Alberta Health Services rescinded its mandatory COVID-19 immunization requirement for all employees yesterday, effective immediately.
In a memorandum emailed to staff, physicians and volunteers, interim CEO Mauro Chies and Senior Medical Officer of Health Laura McDougall made it clear this means workers will no longer have to be vaccinated against COVID-19 as a condition of employment.
The same statement with only minor modifications was published as a news release later in the day.
The policy change “applies to all AHS, Covenant Health, Carewest, CapitalCare, and Alberta Precision Laboratories employees, members of the medical and midwifery staff, students and instructors, volunteers, and applicable contracted service providers,” the memorandum stated. “In addition, new hires and students will no longer be required to be immunized for COVID-19 upon hire or placement.”
AHS would very much like to leave the impression this was a policy the health care agency came up with on its own.
Fair or not, the general consensus is that the decision was in fact made by the United Conservative Party Government and the health authority’s leaders were pushed to go along regardless of the seventh wave of the virus now cresting in Alberta.
NDP Health Critic David Shepherd put it more bluntly than most when he said, “Make no mistake, this is a political decision made by the UCP, and not a clinical one made by AHS health care professionals.”
“It is absurd that protection against COVID-19 is being removed from the list of required vaccinations for new AHS staff,” Shepherd said in a statement to media late yesterday. “This virus has killed more than 4,600 Albertans, and patients in hospitals and long-term care facilities are most at risk.”
That much of his statement, at least, reflected the prevailing opinion about what most likely happened, whether or not Health Minister Jason Copping and the UCP, as Shepherd averred, “are pandering to an extreme anti-vaccine fringe in the party” and “validating the false and dangerous anti-vaccine statements made by UCP leadership candidates.”
Chies and McDougall implied in their memo and the press release that the decreasing effectiveness of current vaccines against transmission and infection made the policy impractical.
There may be some truth to that.

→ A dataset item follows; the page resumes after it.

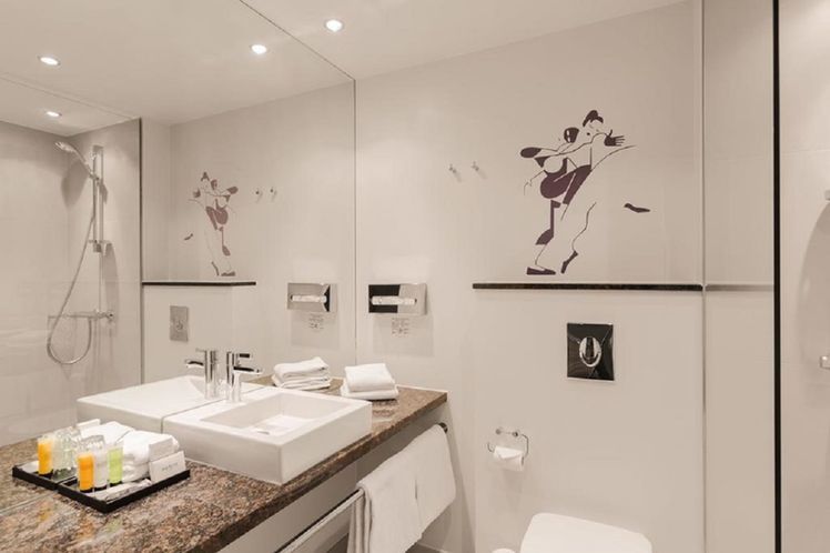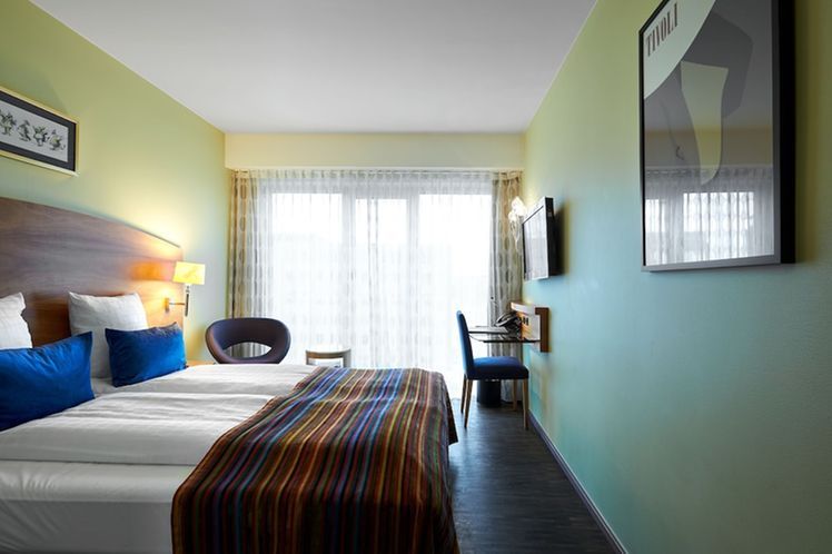 The hotel has altogether 679 nicely furnished rooms, all with air conditioning and free Wi-Fi. Some rooms are decorated with a mere hint of the Tivoli theme, others more so. A complete floor has been reserved at Tivoli Hotel for families travelling with children, each room depicting a particular fairground theme, many with connecting doors and space for a third or fourth guest. Standard room amenities for hotel guests include: toilet with shower/bath, hair dryer, minibar, telephone, radio, desk and chair, coffee & tea facilities, flat-screen TV and safety box.

Anyway, the vast majority of heath care employees in Alberta are sensibly vaccinated, although the fact that not all are may be less than comforting to many patients.

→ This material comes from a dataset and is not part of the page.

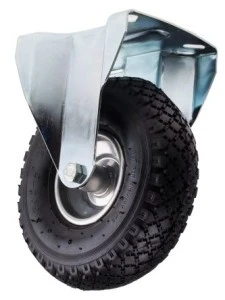 Odlewy opon pneumatycznych. Solidne kółka samonastawne z łożyskami wałeczkowymi zapewniające płynny ruch i odporność na wstrząsy Środek ze stali tłoczonej Opona gumowa Szeroki rozstaw kół sprawia, że nadają się one do delikatnych powierzchni

“Our workforce continues to be required to stay home when sick, wear required personal protective equipment and practice hand hygiene,” the memo said.
Those concerned about the spread of new variants of the virus will be less reassured by its promise that “we will continue to closely monitor scientific evidence to assess the need for additional measures.”
That is not likely to mean much with AHS hamstrung by a government that increasingly takes its lead from radical anti-vaxxers in the ruling party’s base as the contest to see who replaces Premier Jason Kenney intensifies.
Unlike other provinces, there was no parallel announcement from the government yesterday that fourth doses of COVID-19 vaccines would be made more widely available to Albertans under 70. Ontario, by contrast, expanded eligibility for a fourth dose of COVID vaccine to all adult Ontarians last week.
It would seem the characteristic approach taken throughout the pandemic by the UCP persists: When it comes to lifting public health measures, the government is determined to be the first. When it comes to providing life-saving vaccines, it wants to wait and see what other provinces do.